> [Problem to solve] Return every record below exactly as written, omitting any pictures.

> [Provided data]
────────────────────

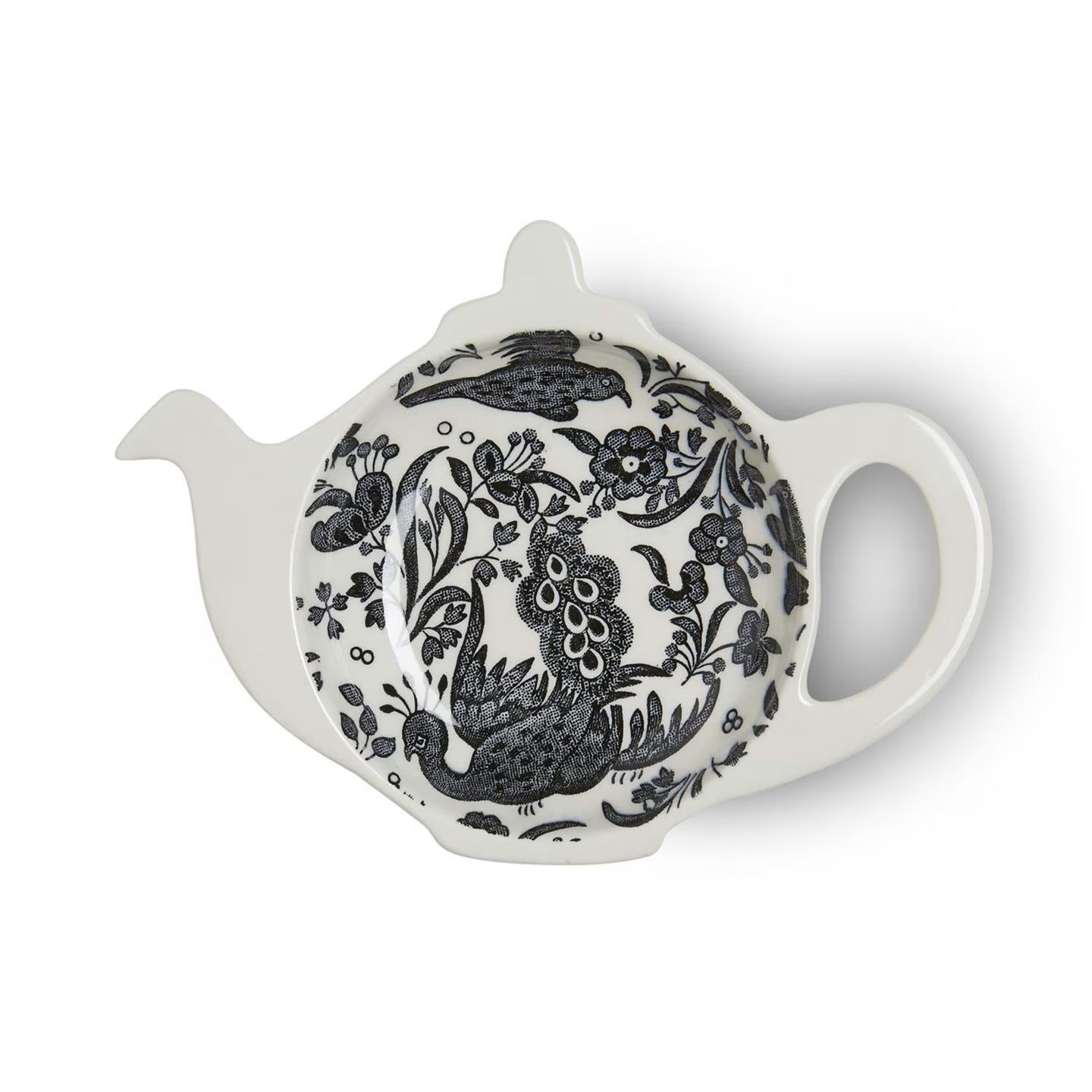 Black Regal Peacock Mini Teapot Tray
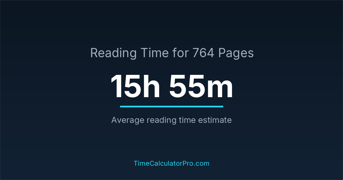 On average, reading 764 pages may require about 15 hours and 55 minutes for most readers, assuming a standard reading pace and moderate difficulty.
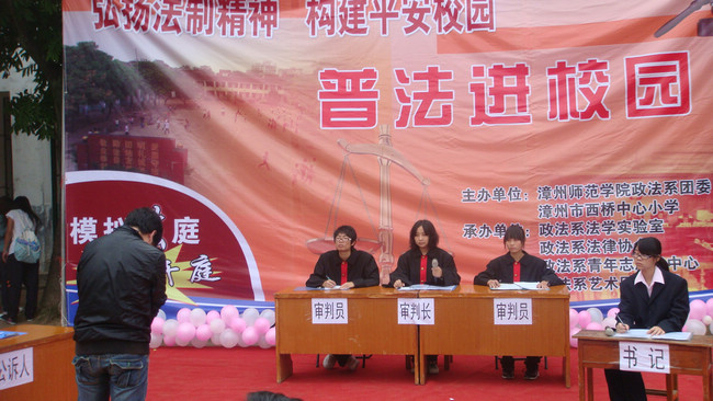 为进一步深入开展校园志愿服务活动,充分发挥高校服务地方社会功能,近日,由登录入口政法系团委精心组织的“模拟法庭进西桥小学”活动在漳州市西桥小学顺利举办。政法系团委书记王中坚及该系辅导员、西桥小学校长陈华漳、书记林建荣等出席本次活动,西桥小学全体师生一千余人观看了本次“模拟法庭”活动。通过大手牵小手,共谱法制校园之歌。
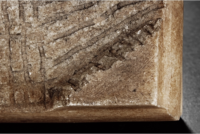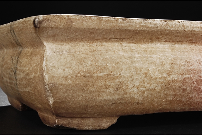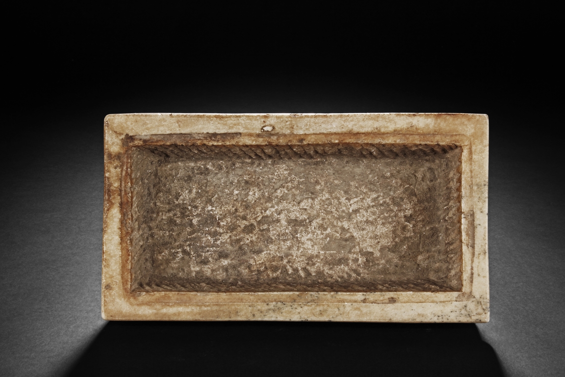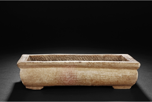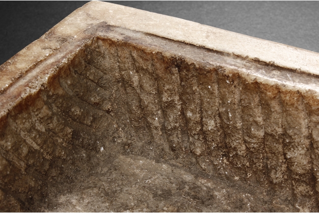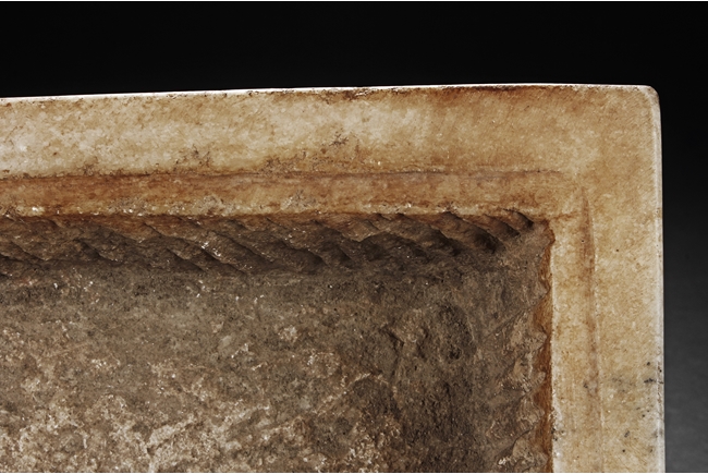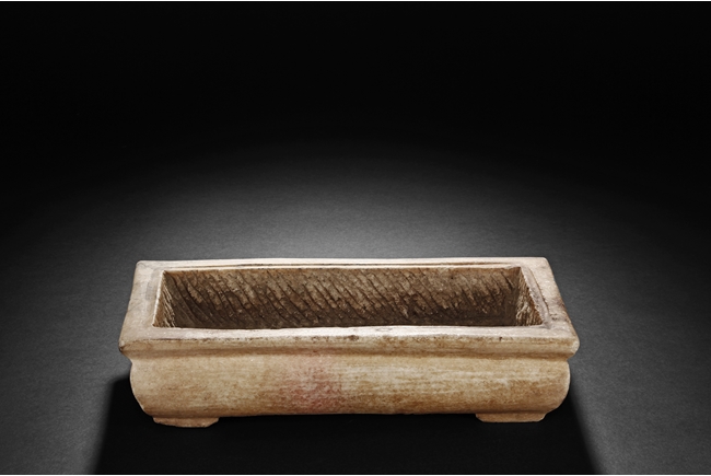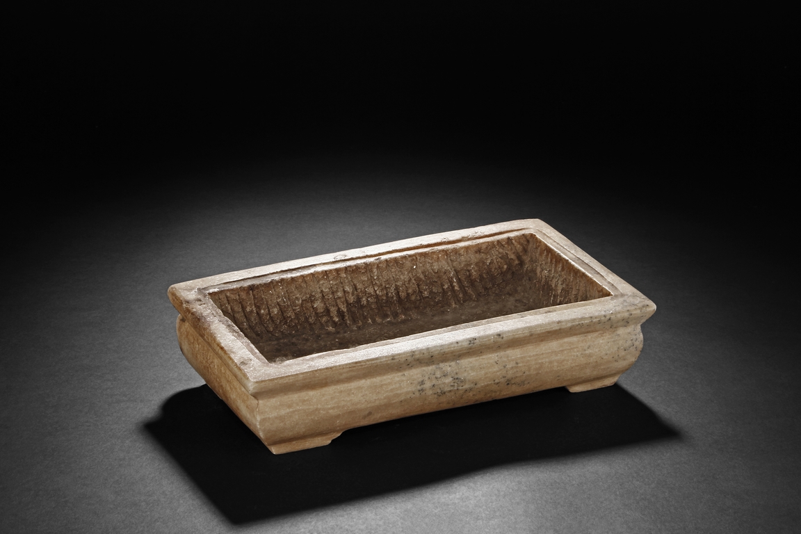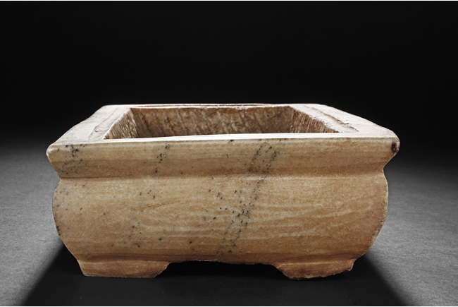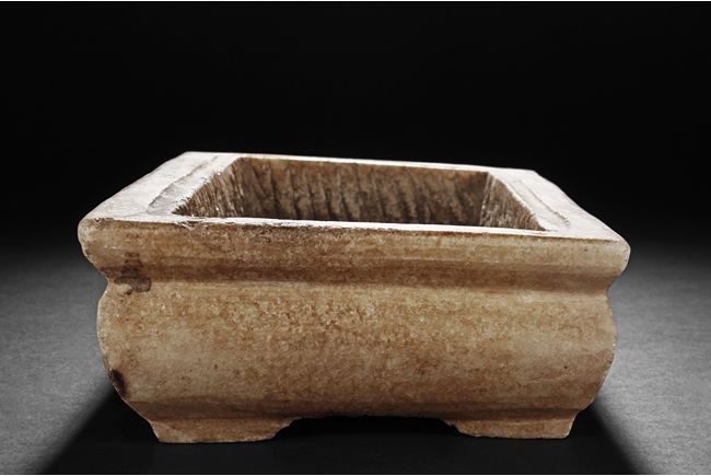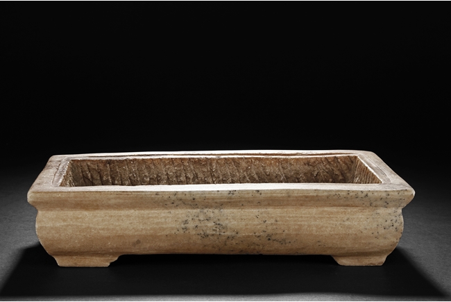 Of rectangular form, the narcissus planter stands on four L shaped feet, with flared rim, the exterior with wood-like patterns, and the interior and bottom with lined etches. Qing Dynasty period.
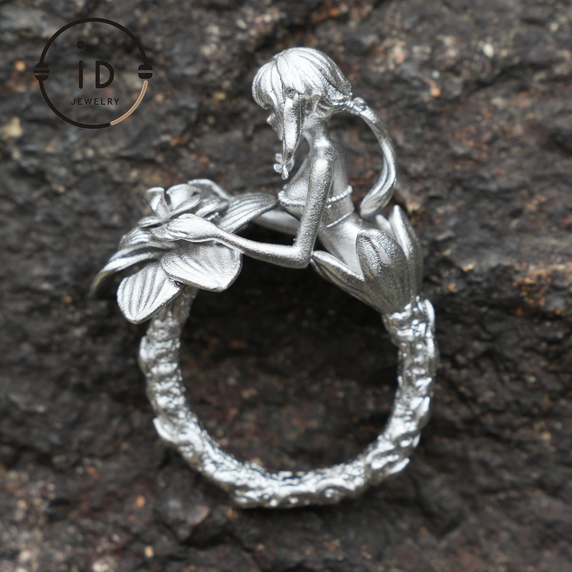 Vintage Fairy Ring with Flower | Handmade Fantasy Jewelry | Elegant Design with 925 Silver & Phantom Stone
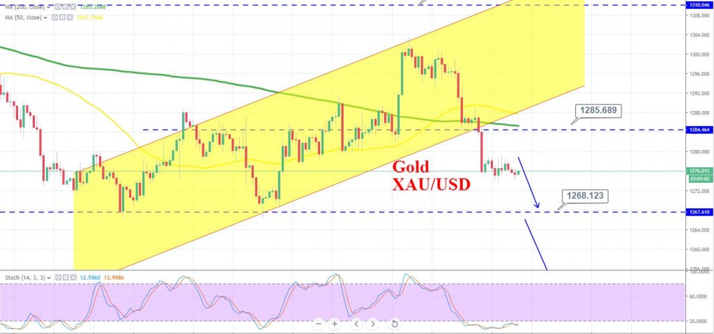 The bearish breakout of 1,275 can trigger further sell-off until 1,266 and 1,261 while resistance stays around 1,282 and 1,296 today.
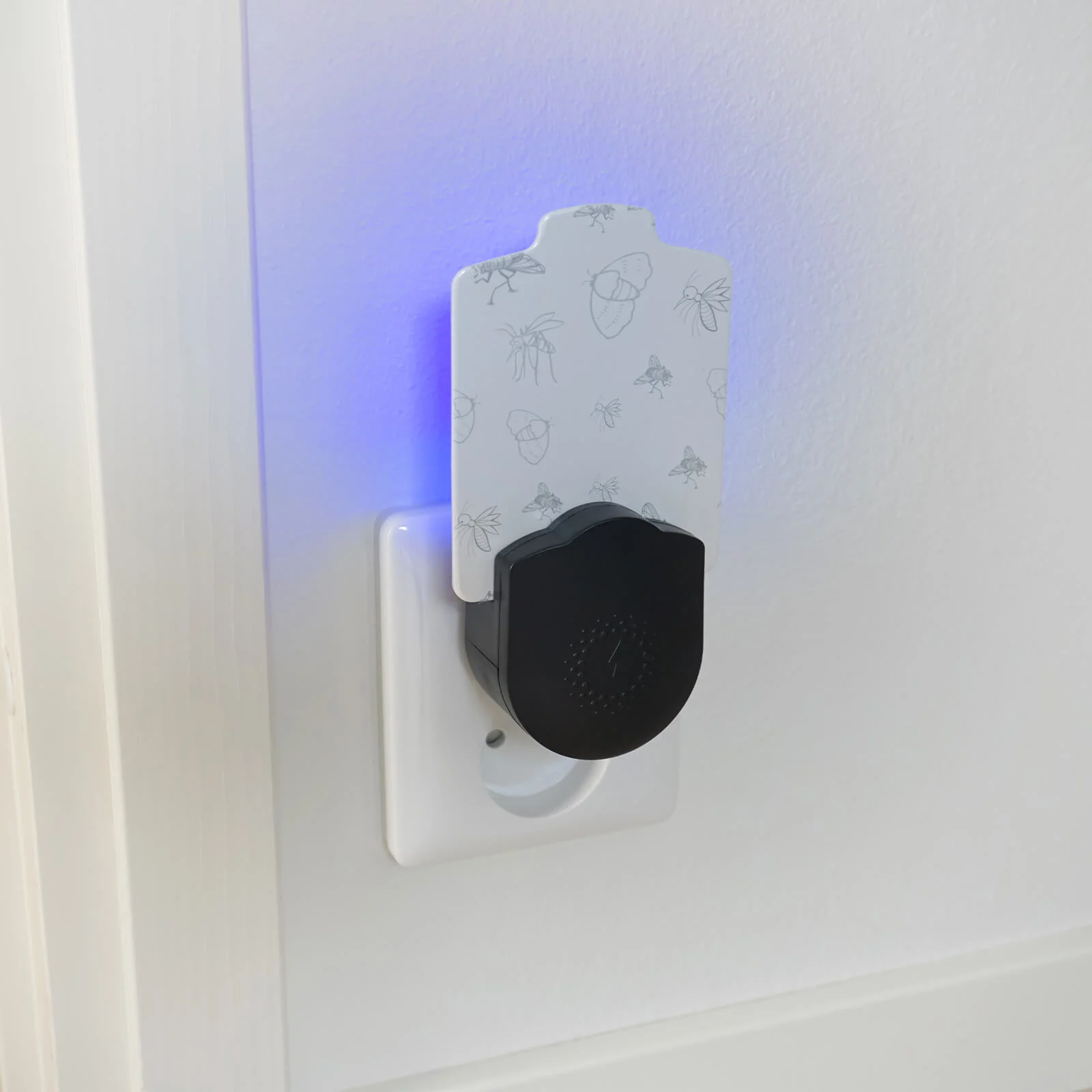 Sobald die Falle eingesteckt ist, beginnt das UV-Licht automatisch, Insekten anzulocken. - Klebefläche kontrollieren
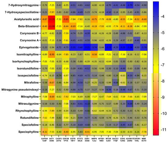 The heat map of docking score from MS and core targets (kcal/mol). Energy values were all negative, with a more negative score (red) and more binding energy.
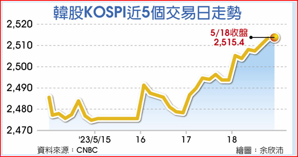 美債限危機可望解套帶動美股收高,激勵亞股18日普遍上漲,韓國大盤綜合股價指數(KOSPI)收漲0.83%或20.74點至2,515.4點,創5月2日以來新高。三星電子大漲1.85%,樂金電子勁揚1%。新韓證券指出,韓股小幅反彈主因除了美股大漲外,還有外資連續第三天買超,尤其是買進大型權值股。 |
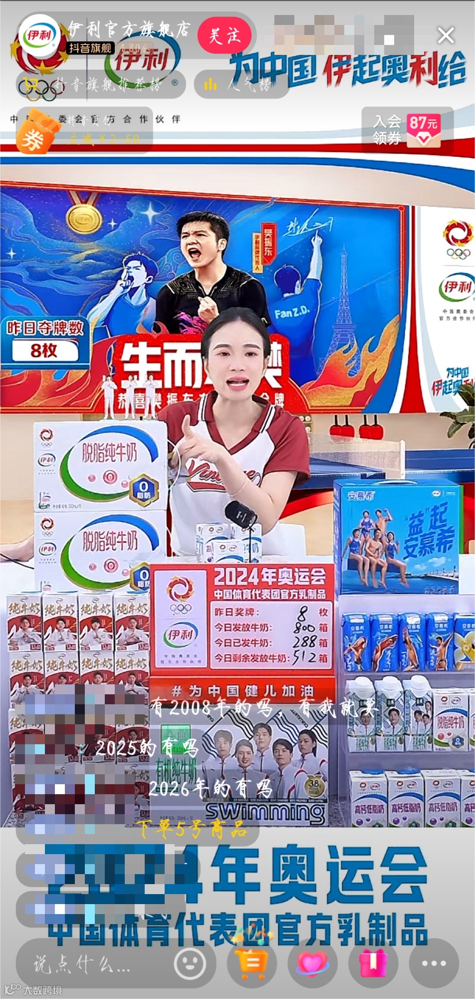 伊利和安踏也都纷纷抓住机会开启奥运直播,直播间内也是热闹非凡。
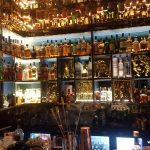 As you walk up to the restaurant you can see that there is outside seating as well as (obviously) inside seating. After entering the restaurant, one walks straight into the casual dining café where there is a very unique, innovative glass door with miniature alcohol bottles lining it from top to bottom. I thought that the glass door would lead to the kitchen but was totally surprised to note that the door separated a very classy British looking bar from the bistro section.
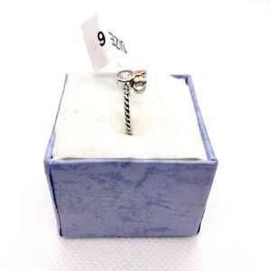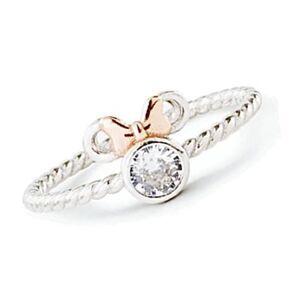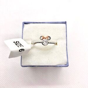 Size 6. Solid 925 sterling silver Minnie Mouse ring. The ring is Minnie’s head’s silhouette, with a large clear CZ crystal as her head and empty ears, and a rose gold toned bow on top. The band is braided / twisted style.
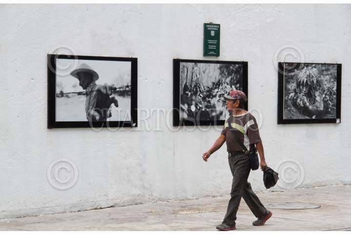 CIUDAD DE MÉXICO, 10JULIO2017.- Los transeúntes que caminan por la calle de Artículo 123, entre la avenida Balderas y la calle de Humboldt, detienen su marcha presurosa para observar las imágenes que integran la exposición "Retrospectiva de Pedro Valtierra". FOTO: MOISÉS PABLO /CUARTOSCURO.COM
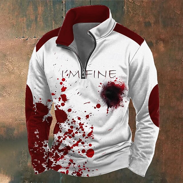 $28.99 - Halloween Men's Graphic Blood Splatter Blood stains Sweatshirt Exaggerated Gothic Long Sleeve High Neck Party Club Red Blue Zipper Quarter Zip Fall Winter Designer 2025. Shop for cheap Halloween Hoodies & Sweatshirts online? Buy at lightinthebox.com on sale today!
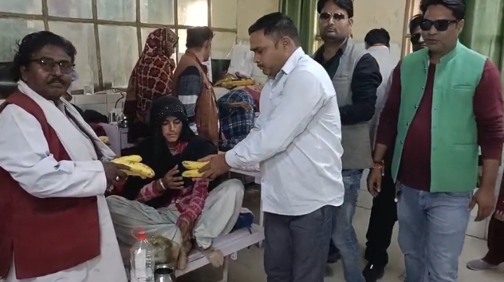कांग्रेसियों ने जिला अस्पताल में मरीजों को फल वितरण किये
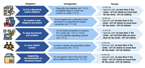 If the obligations related to the Beneficial Owner Affidavit, the due diligence procedure, safekeeping of supporting documentation and systems, and control from SUNAT are not met, the liable taxpayer will incur in penalties detailed as follows:

────────────────────

> [Answer for this exercise]
 Black Regal Peacock Mini Teapot Tray
 On average, reading 764 pages may require about 15 hours and 55 minutes for most readers, assuming a standard reading pace and moderate difficulty.
 为进一步深入开展校园志愿服务活动,充分发挥高校服务地方社会功能,近日,由登录入口政法系团委精心组织的“模拟法庭进西桥小学”活动在漳州市西桥小学顺利举办。政法系团委书记王中坚及该系辅导员、西桥小学校长陈华漳、书记林建荣等出席本次活动,西桥小学全体师生一千余人观看了本次“模拟法庭”活动。通过大手牵小手,共谱法制校园之歌。
 Of rectangular form, the narcissus planter stands on four L shaped feet, with flared rim, the exterior with wood-like patterns, and the interior and bottom with lined etches. Qing Dynasty period.
 Vintage Fairy Ring with Flower | Handmade Fantasy Jewelry | Elegant Design with 925 Silver & Phantom Stone
 The bearish breakout of 1,275 can trigger further sell-off until 1,266 and 1,261 while resistance stays around 1,282 and 1,296 today.
 Sobald die Falle eingesteckt ist, beginnt das UV-Licht automatisch, Insekten anzulocken. - Klebefläche kontrollieren
 The heat map of docking score from MS and core targets (kcal/mol). Energy values were all negative, with a more negative score (red) and more binding energy.
 美債限危機可望解套帶動美股收高,激勵亞股18日普遍上漲,韓國大盤綜合股價指數(KOSPI)收漲0.83%或20.74點至2,515.4點,創5月2日以來新高。三星電子大漲1.85%,樂金電子勁揚1%。新韓證券指出,韓股小幅反彈主因除了美股大漲外,還有外資連續第三天買超,尤其是買進大型權值股。 |
 伊利和安踏也都纷纷抓住机会开启奥运直播,直播间内也是热闹非凡。
 As you walk up to the restaurant you can see that there is outside seating as well as (obviously) inside seating. After entering the restaurant, one walks straight into the casual dining café where there is a very unique, innovative glass door with miniature alcohol bottles lining it from top to bottom. I thought that the glass door would lead to the kitchen but was totally surprised to note that the door separated a very classy British looking bar from the bistro section.
 Size 6. Solid 925 sterling silver Minnie Mouse ring. The ring is Minnie’s head’s silhouette, with a large clear CZ crystal as her head and empty ears, and a rose gold toned bow on top. The band is braided / twisted style.
 CIUDAD DE MÉXICO, 10JULIO2017.- Los transeúntes que caminan por la calle de Artículo 123, entre la avenida Balderas y la calle de Humboldt, detienen su marcha presurosa para observar las imágenes que integran la exposición "Retrospectiva de Pedro Valtierra". FOTO: MOISÉS PABLO /CUARTOSCURO.COM
 $28.99 - Halloween Men's Graphic Blood Splatter Blood stains Sweatshirt Exaggerated Gothic Long Sleeve High Neck Party Club Red Blue Zipper Quarter Zip Fall Winter Designer 2025. Shop for cheap Halloween Hoodies & Sweatshirts online? Buy at lightinthebox.com on sale today!
कांग्रेसियों ने जिला अस्पताल में मरीजों को फल वितरण किये
 If the obligations related to the Beneficial Owner Affidavit, the due diligence procedure, safekeeping of supporting documentation and systems, and control from SUNAT are not met, the liable taxpayer will incur in penalties detailed as follows:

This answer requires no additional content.